Gramsci e gli anni della sua prigionia nel carcere fascista, Gramsci e il Cremlino, Gramsci e Togliatti sono temi intriganti, per certi versi inestricabili, come lo sono un po’ tutti i temi impastati di grandi passioni e grandi tragedie politiche, ma proprio per questo destinati a tenere banco nell’opinione pubblica ogni volta che vengono appena sfiorati. Basta solo farvi cenno e subito si riaccende l’interesse per la vicenda di uno dei padri fondatori di quello che allora si chiamava il Partito comunista d’Italia. Tradito anche dai suoi compagni di partito? O forse lui e i suoi compagni, Togliatti in testa, sono stati semplicemente vittime delle macchinazioni fasciste? E il Cremlino? Quale fu il ruolo del Cremlino?
Francamente sono storie che non mi affascinano più di tanto. Trovo anzi piuttosto strano che, parlando di Gramsci, ci si distragga su queste storie, anziché guardare all’attualità sorprendente, paradossale, addirittura sinistra di uno dei suoi concetti più noti: l’egemonia. Per spiegarmi su questo punto, la prendo un po’ alla larga.
Per Gramsci, è noto, la rivoluzione si sarebbe dovuta realizzare soprattutto come “riforma intellettuale e morale”. L’egemonia politica e sociale andava dunque conquistata, non più con l’eliminazione dell’avversario politico, bensì portando quest’ultimo al “suicidio”. Come ci ha insegnato Augusto del Noce, a partire dall’attualismo gentiliano, Gramsci cerca di portarne a compimento i presupposti immanentistici e di realizzare così la rivoluzione di cui, a suo avviso, la cultura italiana aveva bisogno. La scuola diventa non a caso uno dei campi di battaglia privilegiati. Se Gentile, a tal proposito, resta titubante di fronte al “blocco” rappresentato dalla Chiesa cattolica, Gramsci non sembra avere esitazioni di sorta. Scrive: “Una delle maggiori debolezze delle filosofie immanentistiche in generale consiste nel non aver saputo creare una unità ideologica tra il basso e l’alto, tra i ‘semplici’ e gli ‘intellettuali’… Questa debolezza si manifesta nella questione scolastica, in quanto dalle filosofie immanentistiche non è stato neppur tentato di costruire una concezione che potesse sostituire la religione nell’educazione infantile, quindi il sofisma pseudo-storicistico per cui pedagogisti areligiosi (aconfessionali), e in realtà atei, concedono l’insegnamento della religione, perché la religione è l’infanzia dell’umanità che si rinnova in ogni infanzia non metaforica”.

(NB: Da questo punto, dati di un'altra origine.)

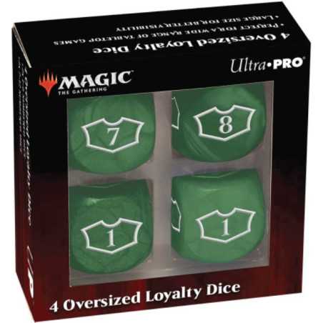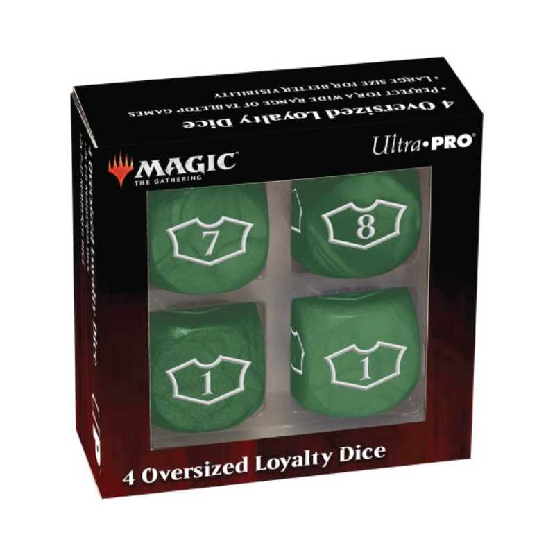 Show your Loyalty with the updated Ultra-Pro: Magic the Gathering - Forest - 22 mm Deluxe Loyalty Dice Set. Each face features the iconic "loyalty" outline with numbers 1-6 on two dice and 7-12 on the other two dice, allowing you to save up for that ult with a single die face representing your progress clearly.

Ho citato questa pagina gramsciana perché mi sembra abbastanza eloquente della radicalità della posizione del pensatore sardo. L’egemonia non la si conquista con strategie più o meno conciliatorie, bensì prendendo di petto l’avversario, svuotandone e sostituendone i contenuti, creando altresì “una unità ideologica tra il basso e l’alto, tra i ‘semplici’ e gli ‘intellettuali’”.

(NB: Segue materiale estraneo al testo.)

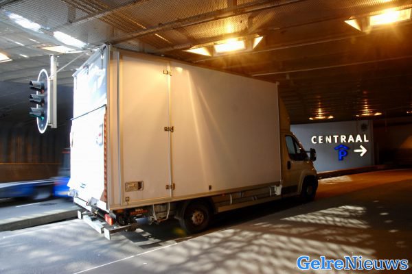 Bestelwagen rijdt zich klem in Willemstunnel in Arnhem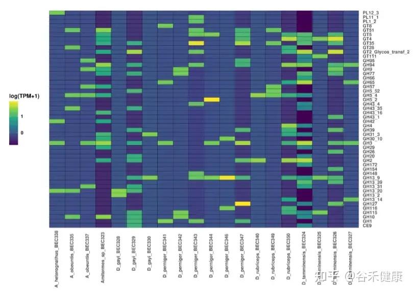 annoSnake检测到大量CAZymes(碳水化合物活性酶)。D. tamminensis在不同群体间的GHs丰度差异再次暗示饮食灵活性,且部分群体GHs模式与腐殖/土壤取食物种一致;螺旋体主导的D_gayi_BEC329中GHs丰富,符合凋落物取食物种的特性,而在梭菌主导的D. gayi群体中GHs较低。

In società più o meno liberaldemocratiche, quali sono quelle nelle quali viviamo, questi pensieri di Gramsci suonano decisamente inattuali, per non dire indigesti. Il suo concetto di “egemonia” sembra difficilmente conciliabile con il pluralismo e le libertà. Eppure, se ci guardiamo intorno, e vengo così al punto che mi premeva sottolineare, è proprio con una nuova egemonia che oggi siamo chiamati a fare i conti. Si tratta di un’egemonia che dilaga, verrebbe da dire “gramscianamente”, svuotando tutto ciò che le si oppone, ma non in virtù di un lavoro intellettuale meticoloso, volto a saldare le classi “alte” e quelle “basse”, come auspicava Gramsci, in vista della conquista del potere da parte del partito comunista, bensì in virtù di una sorta di meccanismo, che non ha bisogno di riforme intellettuali e morali, ma solo di funzionari che ne gestiscano gli imperativi sistemici. È l’egemonia planetaria della tecno-finanza, di fronte alla quale il povero Gramsci si rivolterà certamente nella tomba. Ma anche noi semplici cittadini faremmo bene a preoccuparcene almeno un po’.